The Osborne 1 came with nearly $1500 worth of programs: WordStar, SuperCalc,
BASIC, and a slew of CP/M utilities.
Business
was looking good until Osborne preannounced its next version while sitting on a
warehouse full of Osborne 1S. Oops. Reorganization under Chapter 11 followed
soon thereafter.
·
Xerox
Star
This is
the system that launched a thousand innovations in 1981. The work of some of
the best people at Xerox PARC (Palo Alto Research Center) went into it. Several
of these - the mouse and a desktop GUI with icons - showed up two years later
in Apple`s Lisa and Macintosh computers. The Star wasn't what you would call a
commercial success, however. The main problem seemed to be how much it cost. It
would be nice to believe that someone shifted a decimal point somewhere: The
pricing started at $50,000.
·
IBM
PC
Irony of
ironies that someone at mainframe-centric IBM recognized the business potential
in personal computers. The result was in 1981 landmark announcement of the IBM
PC. Thanks to an open architecture, IBM's clout, and Lotus 1-2-3 (announced one
year later), the PC and its progeny made business micros legitimate and
transformed the personal computer world.
The PC
used Intel`s 16-bit 8088, and for $3000, it came with 64 KB of RAM and a 51/4-inch
floppy drive.
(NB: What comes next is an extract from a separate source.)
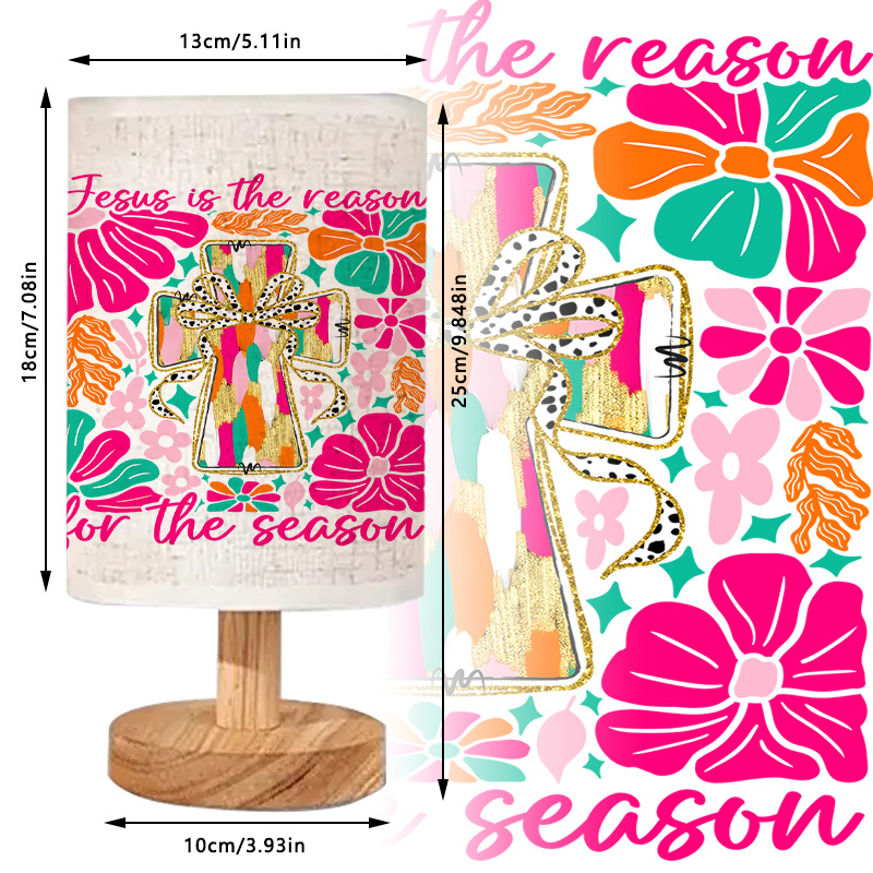 The Printed Religious Lamp displays floral imagery in coordinated tones. The center of the artwork contains a visual cross wrapped in ribbon styling, supported by floral arrangements that extend outward. These design elements complement interiors that align with message-oriented or themed visual choices.

The printer adapter and monochrome monitor were extras, as was
the color graphics adapter.
·
Compaq
Portable
Compaq's
Portable almost single-handedly created the PC clone market. Although that was
about all you could do with it single-handedly - it weighed a ton. Columbia
Data Products just preceded Compaq that year with the first true IBM PC clone
but didn't survive. It was Compaq's quickly gained reputation for engineering
and quality, and its essentially 100 percent IBM compatibility
(reverse-engineering, of course), that legitimized the clone market. But was it
really designed on a napkin?
·
Radio
Shack TRS-80 Model 100
Years
before PC-compatible subnotebook computers, Radio Shack came out with a
book-size portable with a combination of features, battery life, weight, and
price that is still unbeatable. (Of course, the Z80-based Model 100 didn't have
to run Windows.)
The $800
Model 100 had only an 8-row by 40-column reflective LCD (large at the time) but
supplied ROM-based applications (including text editor, communications program,
and BASIC interpreter), a built-in modem, I/O ports, nonvolatile RAM, and a
great keyboard. Wieghing under 4 pounds, and with a battery life measured in
weeks (on four AA batteries), the Model 100 quickly became the first popular
laptop, especially among journalists.
With its
battery-backed RAM, the Model 100 was always in standby mode, ready to take
notes, write a report, or go on-line. NEC`s PC 8201 was essentially the same
Kyocera-manufectured system.
·
Apple
Macintosh
Whether
you saw it as a seductive invitation to personal computing or a cop-out to
wimps who were afraid of a command line, Apple`s Macintosh and its GUI
generated even more excitement than the IBM PC. Apple`s R&D people were
inspired by critical ideas from Xerox PARK (and practiced on Apple`s Lisa) but
added many of their own ideas to create a polished product that changed the way
people use computers.
The
original Macintosh used Motorola's 16-bit 68000 microprocessor. At $2495, the
system offered a built-in-high-resolution monochrome display, the Mac OS, and a
single-button mouse. With only 128 KB of RAM, the Mac was underpowered at
first. But Apple included some key applications that made the Macintosh
immediately useful. (It was MacPaint that finally showed people what a mouse is
good for.)
·
IBM
AT
George
Orwell didn't foresee the AT in 1984. Maybe it was because Big Blue, not Big
Brother, was playing its cards close to its chest. The IBM AT set new standards
for performance and storage capacity. Intel`s blazingly fast 286 CPU running at
6 MHz and 16-bit bus structure gave the AT several times the performance of
previous IBM systems. Hard drive capacity doubled from 10 MB to 20 MB (41 MB if
you installed two drives - just donut ask how they did the math), and the cost
per megabyte dropped dramatically.
New
16-bit expansion slots meant new (and faster) expansion cards but maintained
downward compatibility with old 8-bit cards. These hardware changes and new
high-density 1.2-MB floppy drives meant a new version of PC-DOS (the dreaded
3.0).
The
price for an AT with 512 KB of RAM, a serial/parallel adapter, a high-density
floppy drive, and a 20-MB hard drive was well over $5000 - but much less than
what the pundits expected.
·
Commondore
Amiga 1000
The
Amiga introduced the world to multimedia. Although it cost only $1200, the
68000-based Amiga 1000 did graphics, sound, and video well enough that many
broadcast professionals adopted it for special effects. Its sophisticated
multimedia hardware design was complex for a personal computer, as was its
multitasking, windowing OS.
·
Compaq
Deskrpo 386
While
IBM was busy developing (would "wasting time on" be a better phrase?)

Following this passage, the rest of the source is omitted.